2012-02-27 Haskell, Python, and Readability

This weekend on /r/programming someone posted a nice introduction to tries using Python. A while ago, I had implemented a mini web server to do completion and correction of words using Ternary Search Tries in Haskell, and since the trie post generated a lot of interest I decided to post mine too.

Then, someone else posted a blog article commenting on the readability of Python and Haskell based on my web server code and the trie example, concluding that the Python version was much more readable.

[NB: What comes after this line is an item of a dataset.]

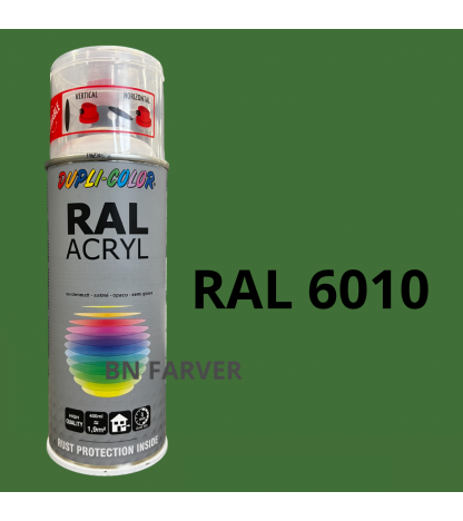 * Pris og information for varen Dupli Color RAL 6010 er opdateret med information modtaget fra BNFarver.dk den december 28, 2025. Vi tager forbehold for afvigelser, prisændringer og eventuelle fejl i det her anførte og de faktiske forhold hos forhandleren af produktet – Se mere info her. Bemærk også, at denne side indeholder kommercielle/sponsorerede links.

I personally prefer writing and reading Haskell, but I think that the comparison is not fair since the data structures compared are very different. Thus, I quickly coded an Haskell version of the code in the original blog post, so that you can compare code that does, more or less, the same thing.

The only difference is that I don’t store the current word in each node, since it is not necessary—the current word can be kept track of when traversing the path. Also, I’m using lists instead of sets when returning the completions, but changing that would be trivial using Data.Set.

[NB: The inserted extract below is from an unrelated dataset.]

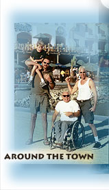Squid Roe became our favorite dance spot , and we were highly visible. On more than one occasion people recognized us in the streets the next day and shouted, "Hey, it's the Squid Roe Dancers!" Ed the dancing giant, Duncan dancing wheelies and spins in his wheelchair, Pete "The Robe" in Dick's multi-colored bathrobe, Zoro hat and sunglasses. And then John doing, hand stands and spinning beer glasses.

Moreover, the Haskell version has the advantage of working with any list, so for example it would work with list of integers as well as Strings. This could be further abstracted to “unconsable” data types (ListLike offers that and more) but that’s not that relevant here.

So, here’s the original Python code:

"""
A fast data structure for searching strings with autocomplete support.
"""

class Trie(object):
    def __init__(self, value=None):
        self.children = {}
        self.value = value
        self.flag = False # Flag to represent that a word ends at this node

    def add(self, char):
        val = self.value + char if self.value else char
        self.children[char] = Trie(val)

    def insert(self, word):
        node = self
        for char in word:
            if char not in node.children:
                node.add(char)
            node = node.children[char]
        node.flag = True

    def find(self, word):
        node = self
        for char in word:
            if char not in node.children:
                return None
            node = node.children[char]
        return node.value

    def all_prefixes(self, wlist):
        results = set()
        if self.flag:
            results.add(self.value)
        if not self.children: return results
        return reduce(lambda a, b: a | b,
                     [node.all_prefixes() for
                      node in self.children.values()]) | results

    def autocomplete(self, prefix):
        node = self
        for char in prefix:
            if char not in node.children:
                return set()
            node = node.children[char]
        return node.all_prefixes()

And this is the Haskell version:

module Trie
    ( Trie
    , empty
    , insert
    , find
    , complete
    ) where

import           Data.Map (Map)
import qualified Data.Map as Map

-- | At each node, we store a 'Bool' indicating if we are at the end of
-- a word.
data Trie a = Trie (Map a (Trie a)) Bool

empty :: Ord a => Trie a
empty = Trie Map.empty False

insert :: Ord a => [a] -> Trie a -> Trie a
insert [] (Trie tries _) =
    Trie tries True
insert word@(firstChar : rest) (Trie tries wordEnd) =
    case Map.lookup firstChar tries of
        Nothing ->
            insert word (Trie (Map.insert firstChar empty tries) wordEnd)
        Just trie ->
            Trie (Map.insert firstChar (insert rest trie) tries) wordEnd

find :: Ord a => [a] -> Trie a -> Bool
find [] (Trie _ wordEnd) =
    wordEnd
find (firstChar : rest) (Trie tries _) =
    maybe False (find rest) (Map.lookup firstChar tries)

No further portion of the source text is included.